Late last year, Docker snapped up cross-cloud container management service Tutum, but it wasn’t clear how the acquired company’s handiwork would manifest under the Docker brand. Tutum was built from the ground up as a Docker tool. It gives visibility into containers, and enables a team to create, start, terminate or redeploy as needed. It also provides a dashboard view of all of the containers under team management. Tutum is now Docker Cloud. Docker Cloud is a new service by Docker that implements all features previously offered by Tutum plus integration with Docker Hub Registry.
A group of us in BC are looking for ways we can provide a more sustainable opened tech infrastructure to BC higher education. We have begun looking for approaches to shared WordPress hosting. I have been playing with Stackfiles and Docker Compose for the last few weeks and starting to get a clearer picture of how we might sustainably provide hosting for both dev and production WordPress hosting for BC open education initiatives.
As well as deploying and managing hosts on the supported cloud providers (EC2, Azure, etc), Docker Cloud can use any Linux host as a node to deploy containers to. For this, you install an agent which will allow you to connect the Docker Cloud dashboard to your infrastructure. I went ahead and connected our new EduCloud node to Docker Cloud last week and started experimenting with how services are managed. Services/sites can be setup directly quickly using the Docker Cloud web interface. Services/sites are managed via ‘stacks’ which are defined using Docker Compose. Compose is a tool for defining and running multi-container Docker applications. This ‘stackfile’ contains the instructions required to pull from required repositories (eg: Docker Hub, Github, etc) and configure your application’s services. Then, using a single command, you can create and start all the services.
Once a stackfile is defined, it can be used to deploy and/or redeploy as many copies of an application as you need. I found a ‘ready to deploy’ WordPress stackfile at this registry:
To test out Docker Cloud/Compose on EduCloud I decided to reserve the domain opened.ca, create 2 subdomains, and map a separate WordPress installation to each subdomain. I made 2 DNS entries and pointed them all to our EduCloud host.
Without going too far down the Docker technical docs in this post, it is important to know that traffic between containers & external networks runs on Ports. No 2 containers be exposed on the same public port for HTTP traffic (Port 80/443) without a proxy out in front to handle traffic. To accomplish this I decided to use nginx-proxy, a container running nginx and docker-gen. docker-gen generates reverse proxy configs for nginx and reloads nginx when containers are started and stopped thereby automating all that port mapping between containers and the public IP/Ports. All that is needed to unsure the reverse proxy works properly is to start your WordPress Docker container passing the VIRTUAL_HOST variable.

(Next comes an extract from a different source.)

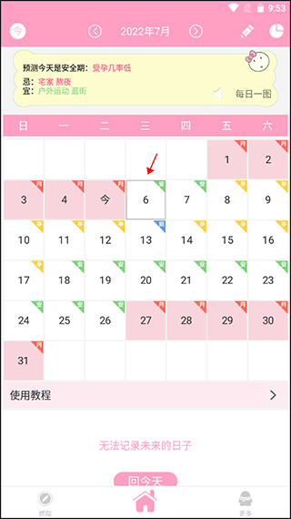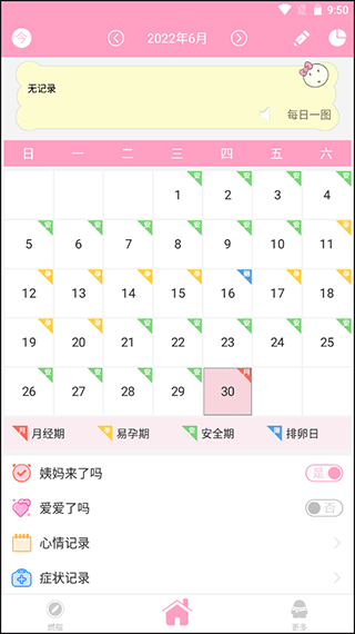 5、在日歷上標注經期日期,并以彩色高亮形式顯示,同時日歷還具備記錄心情日記的功能。
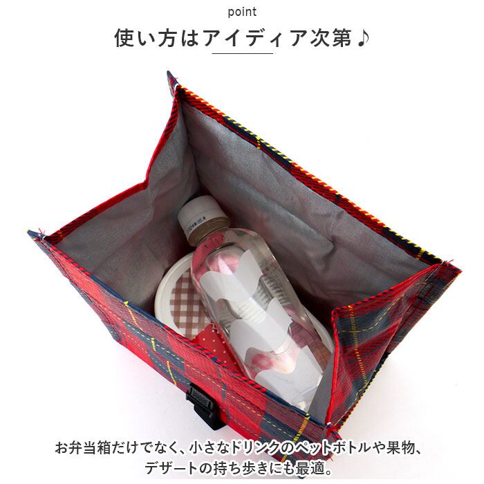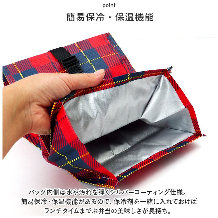 ・バッグ内側は水や汚れを弾くシルバーコーティング仕様。簡易保冷・保温機能があるので、保冷剤を一緒に入れておけばランチタイムまでお弁当の美味しさが長持ち。

That means adding 1 line to my Stackfile cribbed from Stackfile.io above and tweaking another:
wordpress: image: tutum/wordpress-stackable:latest links: - db ports: - "5000:80" environment: VIRTUAL_HOST=tannismorgan.opened.ca DB_NAME: wordpress DB_USER: admin DB_PASS: ---------- db: image: tutum/mysql:5.5 environment: MYSQL_PASS: -----------
As I will have 2 stacks, I will need 2 internal ports. For the purposes of this test I am using 5000 and 5001. All of these map to Port 80/443 facing the web. nginx-proxy also needs to know what domains to listen for along with their associated internal port so I added the VIRTUAL_HOST variable and indicated the internal port for the tannismorgan.opened.ca test Wordpress container (5000) to ensure sure the incoming request is routed correctly.
I updated the 2 stackfiles and clicked ‘Create & Deploy’. From start to finish, provisioning these WordPress sites took minutes.
If you geolocate any of these subdomains, you will see that they all indicate they are hosted in Kamloops, BC (when, in fact, they are hosted on EduCloud using clever networking arrangement from TRU-IT folks.)
Docker Cloud could be a dream for multi-tenant WordPress updates/customizations. Simply make an exact copy of an existing WordPress stack, map your new development domain, and deploy your development spaces. When your development is ready for production, change the VIRTUAL_HOST variable on the container to update your domain. Done.
This is a simple example of a multiple MySQL+Wordpress Docker container stack running on EduCloud. There are hundreds of applications available at the Docker Hub. Looking forward to playing more and learning more with Docker Cloud and Docker Compose this week as well as exploring how Docker Cloud might be used for our inter-institutional devops.